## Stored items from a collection
>>>>
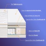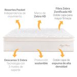 Las fibras TENCEL™ Lyocell y Modal se producen con al menos un 50?% menos de emisiones de carbono y consumo de agua. Incorpora además fibras Zebra Zonificada HD, con una estructura de celdas abiertas y tres niveles de firmeza, lo que permite una zonificación inteligente que aporta mayor durabilidad y una constante sensación de frescura.
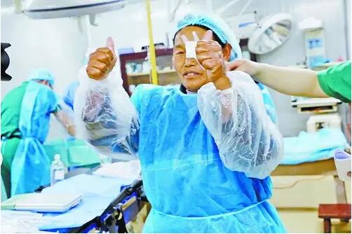 西藏察隅送光明時(shí),藏民在接受白內(nèi)障手術(shù)后,對(duì)現(xiàn)場(chǎng)醫(yī)務(wù)人員豎起大拇指表示感謝
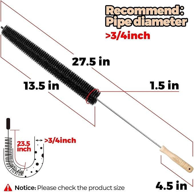 • Pure wood handle (4.5 in), long and flexible stainless steel wire shaft (27.5 in), sturdy and thick bristles (13.5 in); Good working performance and quality guaranteed
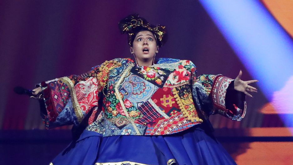 Rosjanka zaczęła swój występ w przerysowanej sukni, która nawiązuje do tradycyjnych rosyjskich strojów i niesie skojarzenia z matrioszką. Po pierwszych kilku taktach wokalistka wyskakuje jednak ze zbyt obszernej kreacji, by skończyć swój występ w kombinezonie z napisem: “Rosyjska kobieta”.
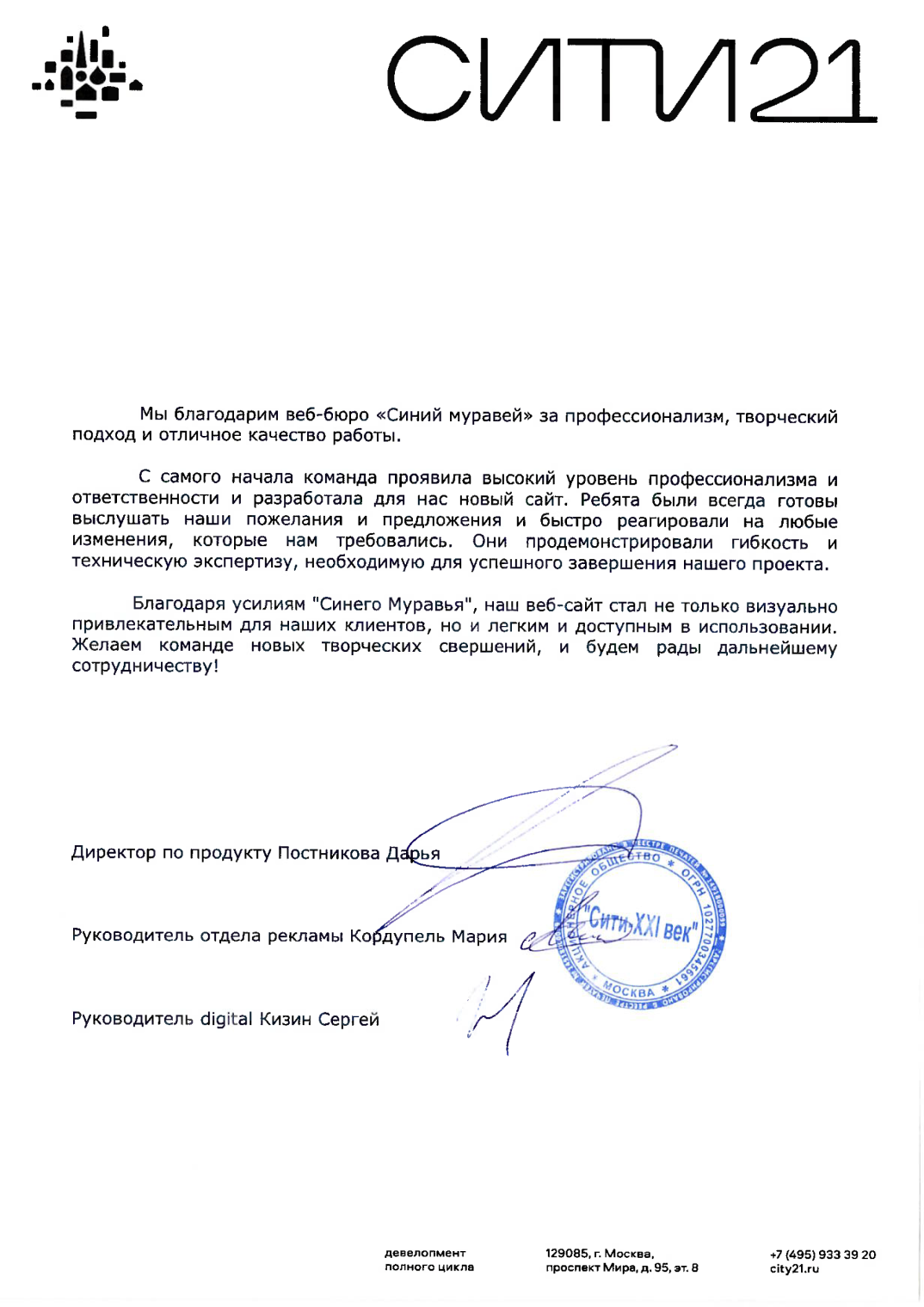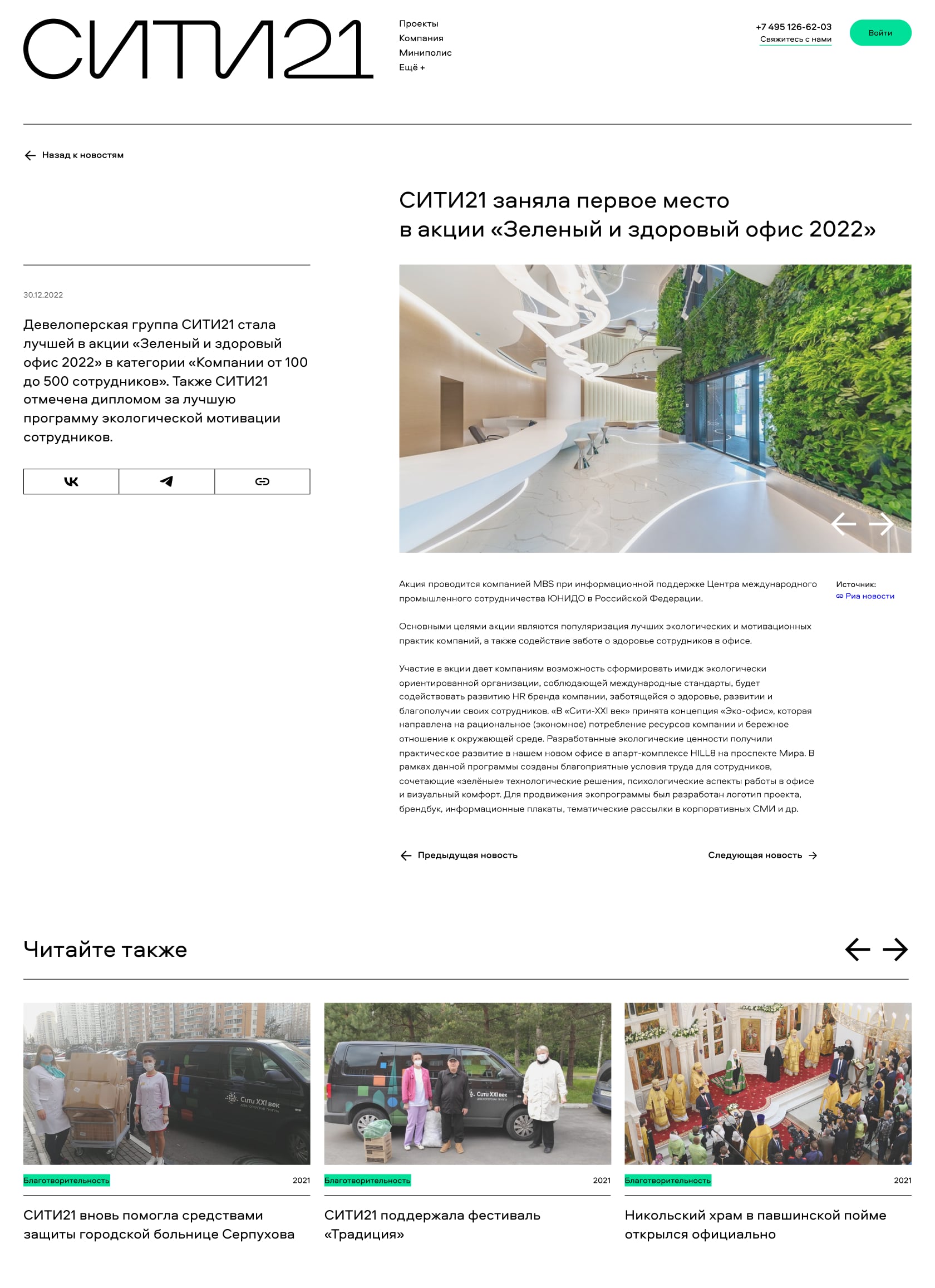 Перед нами стояла задача редизайна текущего веб-сайта компании СИТИ21 с учетом ее обновленного фирменного стиля. Сайт компании не отвечал современным требованиям UI/UX дизайна, не давал полного представления о деятельности компании и не выделял ее существенным образом в конкурентной среде. В результате работ был подготовлен новый корпоративный сайт: лаконичный, информативный и отражающий характер СИТИ21. На протяжении всего проекта использовалась динамичная модульная сетка, которая позволила нам грамотно расставить акценты, не упуская важных деталей.
<<<<
## WHAT YOU ARE ASKED TO DO
Repeat every entry above exactly; images stay out of the copy.

## ANSWER BOX
 Las fibras TENCEL™ Lyocell y Modal se producen con al menos un 50?% menos de emisiones de carbono y consumo de agua. Incorpora además fibras Zebra Zonificada HD, con una estructura de celdas abiertas y tres niveles de firmeza, lo que permite una zonificación inteligente que aporta mayor durabilidad y una constante sensación de frescura.
 西藏察隅送光明時(shí),藏民在接受白內(nèi)障手術(shù)后,對(duì)現(xiàn)場(chǎng)醫(yī)務(wù)人員豎起大拇指表示感謝
 • Pure wood handle (4.5 in), long and flexible stainless steel wire shaft (27.5 in), sturdy and thick bristles (13.5 in); Good working performance and quality guaranteed
 Rosjanka zaczęła swój występ w przerysowanej sukni, która nawiązuje do tradycyjnych rosyjskich strojów i niesie skojarzenia z matrioszką. Po pierwszych kilku taktach wokalistka wyskakuje jednak ze zbyt obszernej kreacji, by skończyć swój występ w kombinezonie z napisem: “Rosyjska kobieta”.
 Перед нами стояла задача редизайна текущего веб-сайта компании СИТИ21 с учетом ее обновленного фирменного стиля. Сайт компании не отвечал современным требованиям UI/UX дизайна, не давал полного представления о деятельности компании и не выделял ее существенным образом в конкурентной среде. В результате работ был подготовлен новый корпоративный сайт: лаконичный, информативный и отражающий характер СИТИ21. На протяжении всего проекта использовалась динамичная модульная сетка, которая позволила нам грамотно расставить акценты, не упуская важных деталей.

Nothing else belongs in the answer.